Much of these gains have been made in the field of supervised learning - the task of learning a mapping from some input variables to some output variables given a collection of input-output pairs. Indeed, there is a growing viewpoint that the new techniques have rendered several supervised learning domains "solved". It's hard to argue with such an attitude when a computer model can recognize traffic signs or convert images to text at a rate far superior to humans.

But simpler problems always give way to harder ones. Increasingly, the task of machine learning will be to explore the formidable frontier of unsupervised learning. Unsupervised learning is the task of learning a representation inherent in some data - without anything but the data itself. This definition is broad; it includes summarization, clustering, and density estimation.

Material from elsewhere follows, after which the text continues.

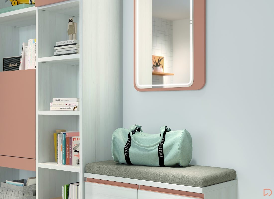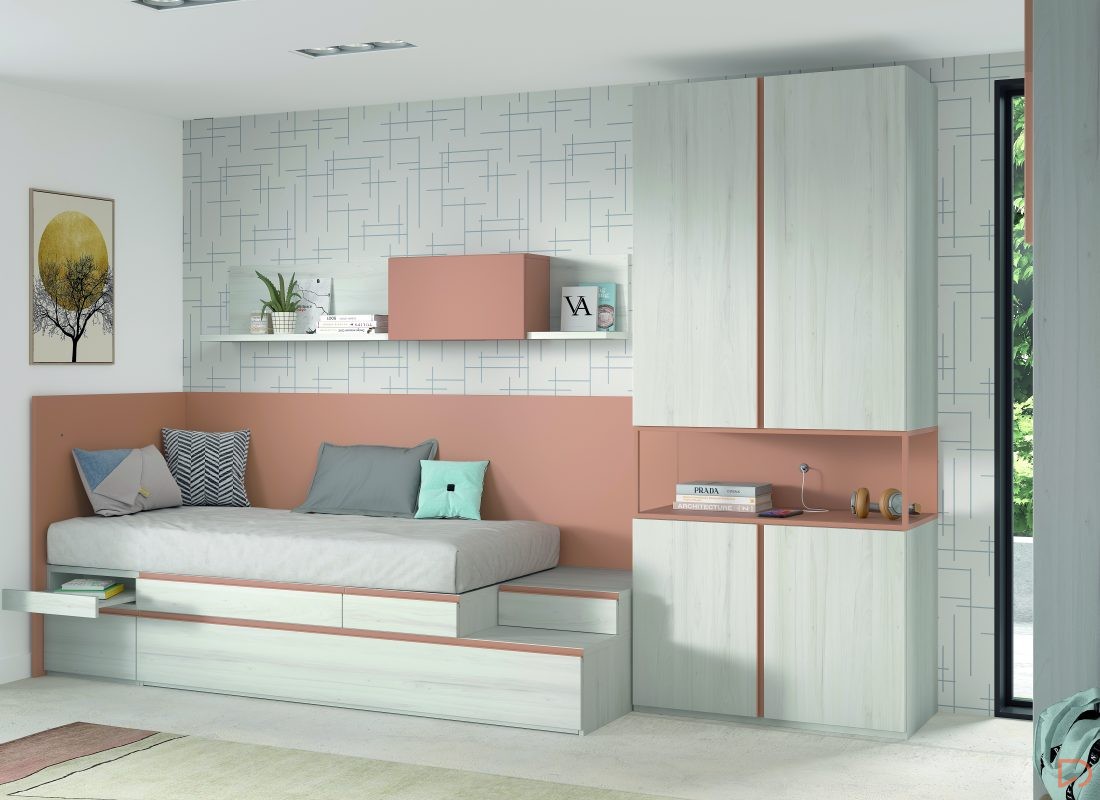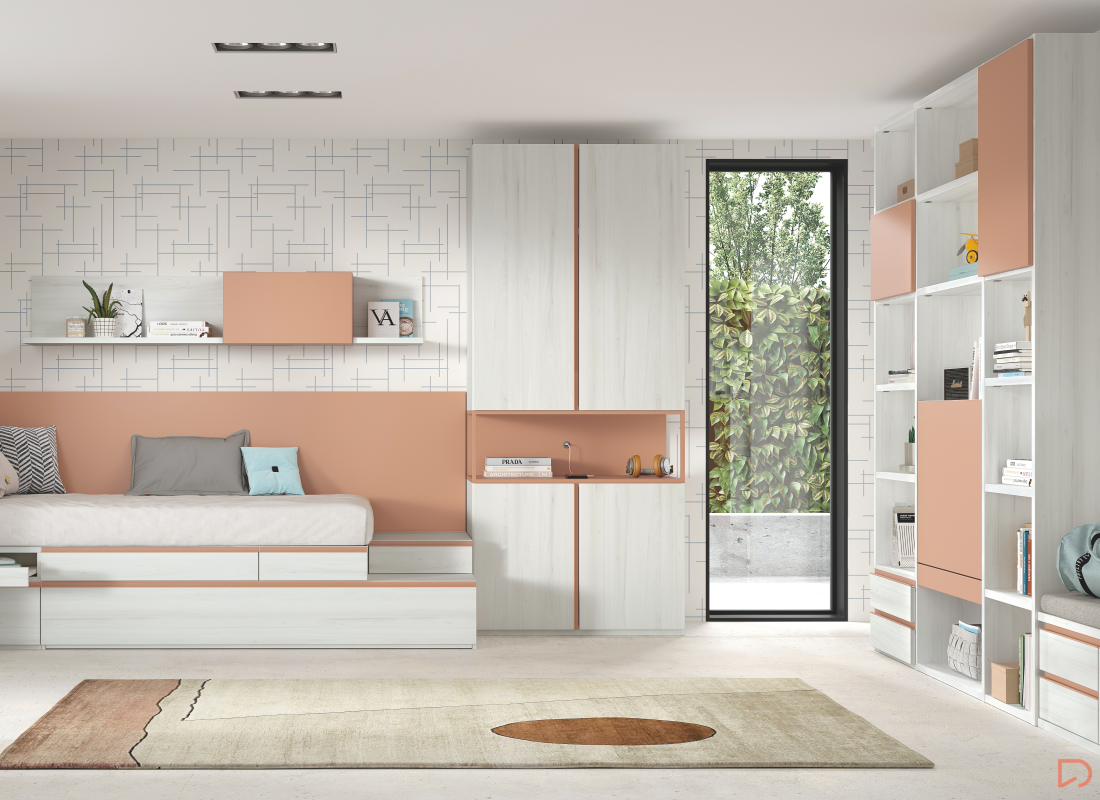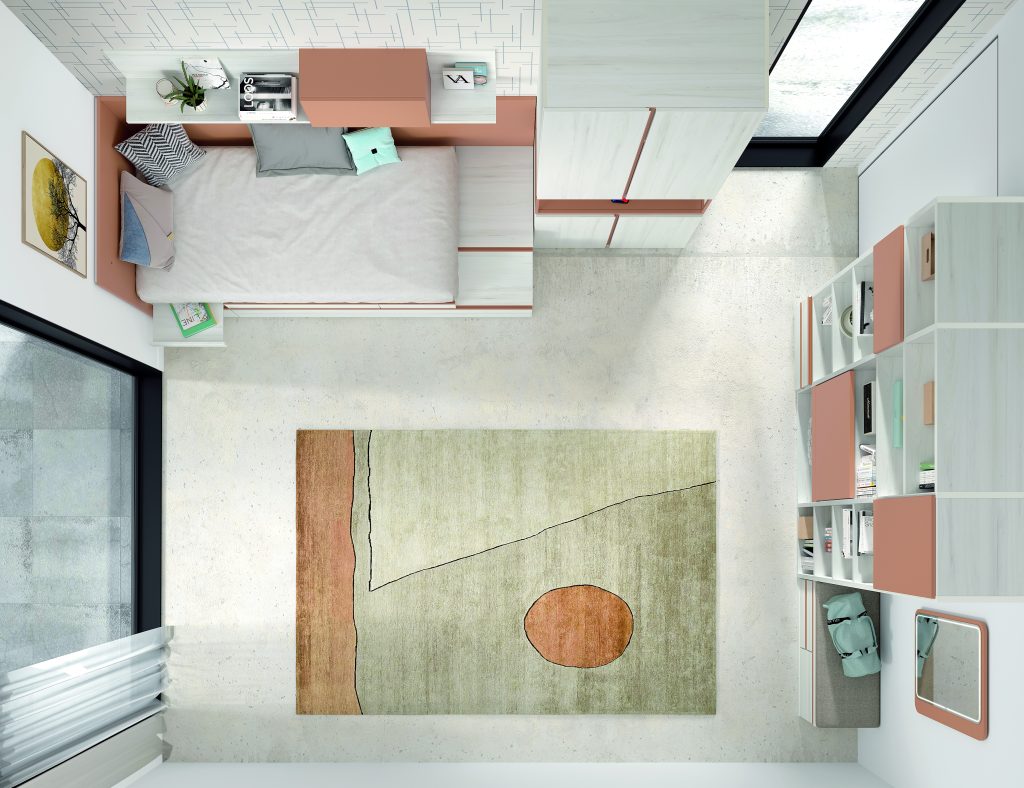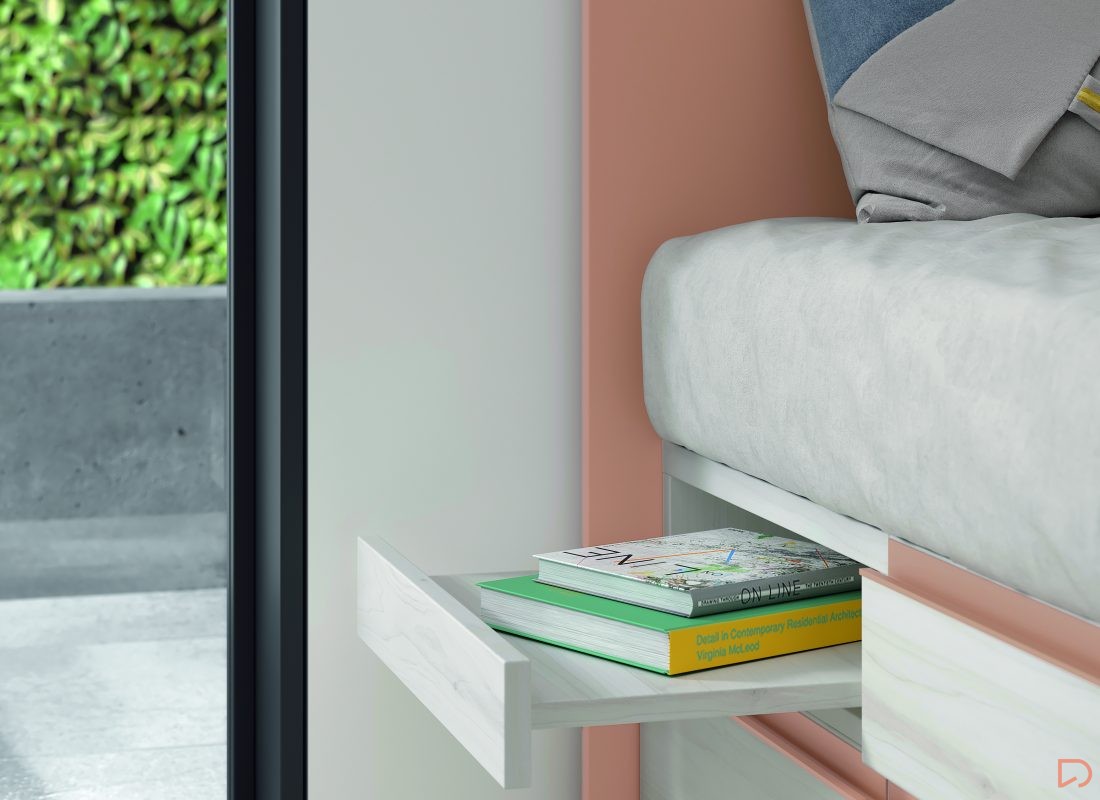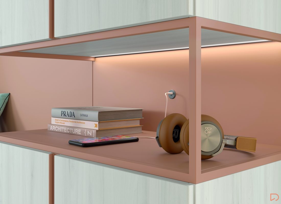 Diseño con personalidad, compuesto por módulos apilables con bandeja extraíble, cajón guardaobjetos, estante metálico iluminado y escritorio abatible. Integra armario expositor, librería modular con puertas y módulos de almacenaje base con somier de arrastre

We can restrict the definition to one closer to what Yann LeCun prefers to call predictive learning - the task of learning a model that can predict the values of any subset of variables in a dataset conditioned on the rest. This confines his notion of unsupervised learning roughly to that of joint probability density estimation. Namely, given a dataset, learn a model which represents either explicitly or implicitly a joint probability distribution over all the variables in the dataset. From such a model one can then perform any prediction task by conditioning. Even under this more restrictive definition, LeCun made the following characterization:

'If [artificial] intelligence was a cake, unsupervised learning would be the cake, supervised learning would be the icing on the cake, and reinforcement learning would be the cherry on the cake. We know how to make the icing and the cherry, but we don't know how to make the cake.' - Yann LeCun NIPS 2016

Most models that estimate joint probability functions are generative. This means that the model affords a means of generating samples drawn from the modeled distribution. Pursuing this exceedingly useful property follows from what we dub the 'generative thesis' - that a good way to understand the structure of a dataset is to simulate processes that generate the data. The problem of modeling a dataset becomes the problem of building a machine that can generate new data points as if they had come from the original dataset.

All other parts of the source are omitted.